= COLLECTED DATA =
-=-=-

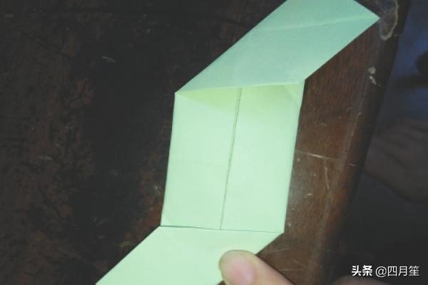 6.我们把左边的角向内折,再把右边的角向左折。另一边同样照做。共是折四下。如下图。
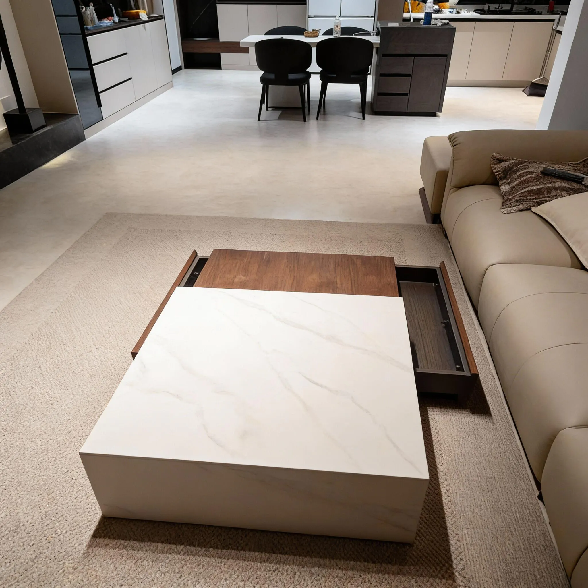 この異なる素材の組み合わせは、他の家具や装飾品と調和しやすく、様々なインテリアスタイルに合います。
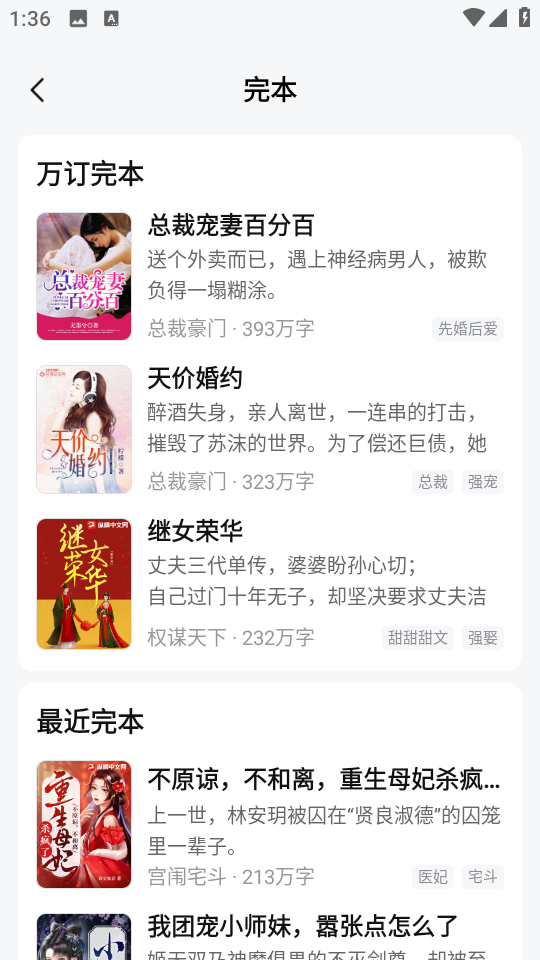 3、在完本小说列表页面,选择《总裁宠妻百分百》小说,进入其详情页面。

-=-=-

= EXERCISE DIRECTIONS =
Make an exact copy of the listing above, omitting the pictures.

= WRITTEN ANSWER =
 6.我们把左边的角向内折,再把右边的角向左折。另一边同样照做。共是折四下。如下图。
 この異なる素材の組み合わせは、他の家具や装飾品と調和しやすく、様々なインテリアスタイルに合います。
 3、在完本小说列表页面,选择《总裁宠妻百分百》小说,进入其详情页面。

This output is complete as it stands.